如何在R中使用stop函数来检查函数参数

how to use stop function in R to check function parameters

我正在尝试创建一个对数据进行汇总和分类的函数。作为其中的一部分,我想创建一些检查以确保输入的参数有效,例如。百分比之和等于1,变量是字符或数字等

在下面的示例中,我试图检查 a、b、c 参数的总和是否等于 1,并且其中一个变量是 class 数字。但是,当我传递不符合检查条件的参数时,无论值之和是否为 1,代码仍将 运行。

根据建议,我将代码更改为 stopifnot(),但是当我通过第二次检查时 is.numeric() 它失败了。

我在底部放了一些关于如何将函数应用到钻石包的例子。 stopifnot 函数无法正常工作。感谢任何帮助?
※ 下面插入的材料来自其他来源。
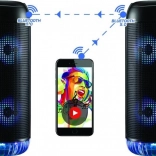 Belül 2 × 4" (102 mm) hangszóró dolgozik bass reflex kialakítással a kiemelt basszusért és tiszta magasakért 40 Hz – 20 kHz tartományban. A beépített 1200 mAh-s Li–Ion akkumulátor 4–8 óra zenelejátszást biztosít, a töltés kényelmesen micro USB-n keresztül történik. A vezérlést multimédiás gombok, forgóvezérlő és áttekinthető LED kijelző segíti. A hangszórók és a talp RGB megvilágítása az M gomb hosszú lenyomásával kikapcsolható.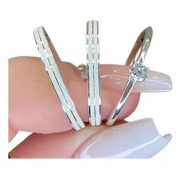 Aliança De Namoro Prata 3mm Fina + Solitário 925 Par Anel De Compromisso 950 Aço Inoxidável 316L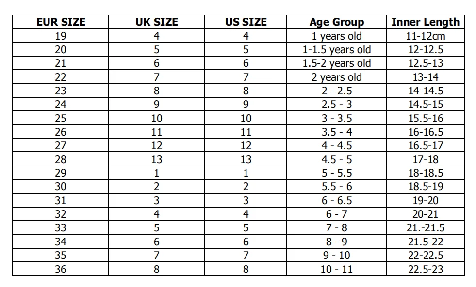 EU Size | 25-30 31-36 | ||||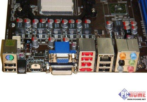 外接口方面,键盘和鼠标专用的PS2接口也被保留着,但是用华硕的特殊技术,两者合二为一,增加了两个USB接口。显示接口方面也是AMD芯片组最不吝啬的功能配备,DVI、VGA、HDMI接口一应俱全。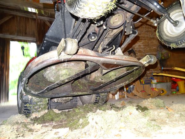 Suite aux blocages répétés des lames par l'herbe humide et grasse, le carter de celle-ci a été dégagé à la truelle. Il y avait de quoi.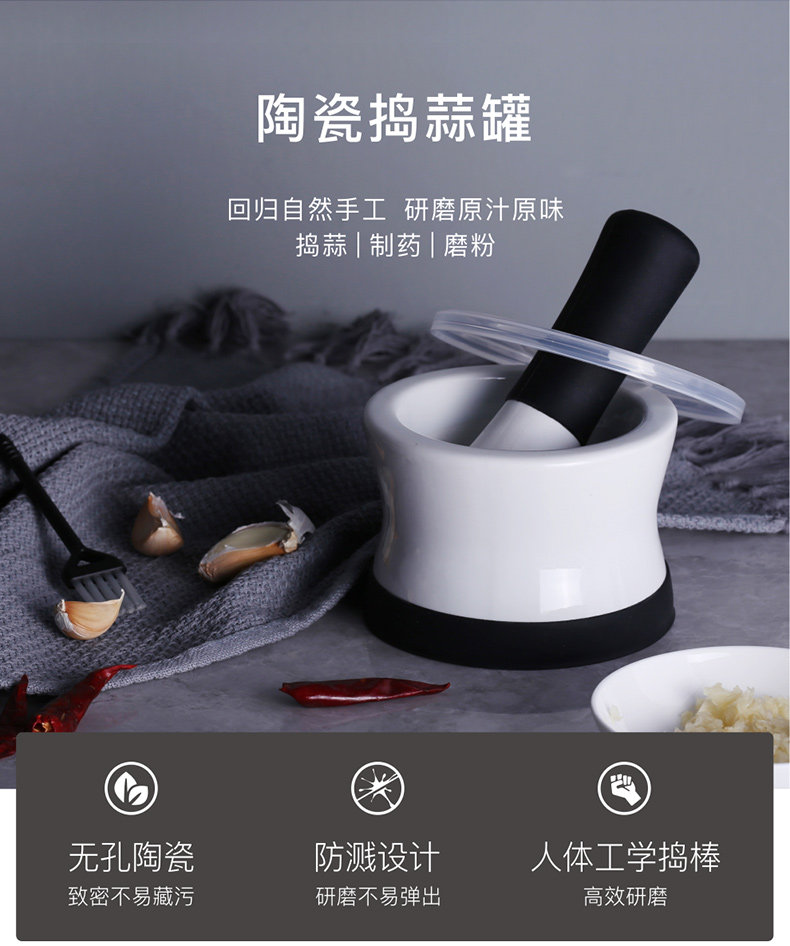 膳道 Чесновая дробилка чеснока керамика фунт -чесночный банка ручной кухонной машины

如果不检查 a+b+c ==1 并且 dim 变量是数字,我该如何停止?

library(tidyverse)


customer_segmentation <- function(df,group,dim,a=.7,b=.26,c=.04)
  {
  
 #this is part of the code that I am focused on--------------
  stopifnot(a+b+c==1L,!is.numeric(dim))
  
 #you can ignore the part below---------- 
  
  
  
  df %>% #dataframe
    group_by({{group}}) %>% 

    #creates a bunch of columns
    summarize(  
      across({{ dim }}, #make sure this dimension can be aggregratad, later version will handle ratios
             list(sum=~sum(.,na.rm=TRUE),
                  mean=~mean(.,na.rm=TRUE),
                  n =  ~ n(),
                  median =  ~ median(.,na.rm=TRUE),
                  sd =  ~ sd(.,na.rm=TRUE),
                  mad =  ~ mad(.,na.rm=TRUE), #median absolute deviation
                  aad =  ~ mad(., center =mean(.,na.rm=TRUE),na.rm=TRUE), #average absolute deviation
                  IQR05 = ~quantile(., .05,na.rm=TRUE),
                  IQR25 = ~quantile(., .25,na.rm=TRUE),
                  IQR75 = ~quantile(., .75,na.rm=TRUE),
                  IQR95 = ~quantile(., .95,na.rm=TRUE)
                  ),
             .names = "{.fn}") #gives each column their name
    ) %>%
    ungroup() %>% 

    arrange(desc(sum)) %>% # assuming positive values, descends highest to lowest (should add some logic to switch this)
    
    mutate(cum_sum=cumsum(sum), #cumlative value, if ratio, need some sort of check - need specify
         prop_total=sum/max(cum_sum), #assumes positive values, need check
         cum_prop_total=cumsum(prop_total), #cumsum percent of total
         cum_unit_prop=row_number()/max(row_number()), #unit percent
         group_classification_by_dim=
           case_when(
           cum_prop_total<=a ~"A",
           cum_prop_total<=(a+b) ~"B",
           TRUE ~ "C"),
         dim_threshold=
           case_when(group_classification_by_dim=="A"~a,
                     group_classification_by_dim=="B"~(a+b),
                     TRUE ~ c)
         ) %>% 
    select(-c(prop_total,cum_sum)) %>% 
    relocate(dim_threshold,group_classification_by_dim,cum_prop_total,cum_unit_prop)

}


#this does not works but should not (a,b,c sums do not equal 1, x is numeric)

diamonds %>% 
  customer_segmentation(group = clarity,dim=x,a=.7L,b=.2L,c=.1L)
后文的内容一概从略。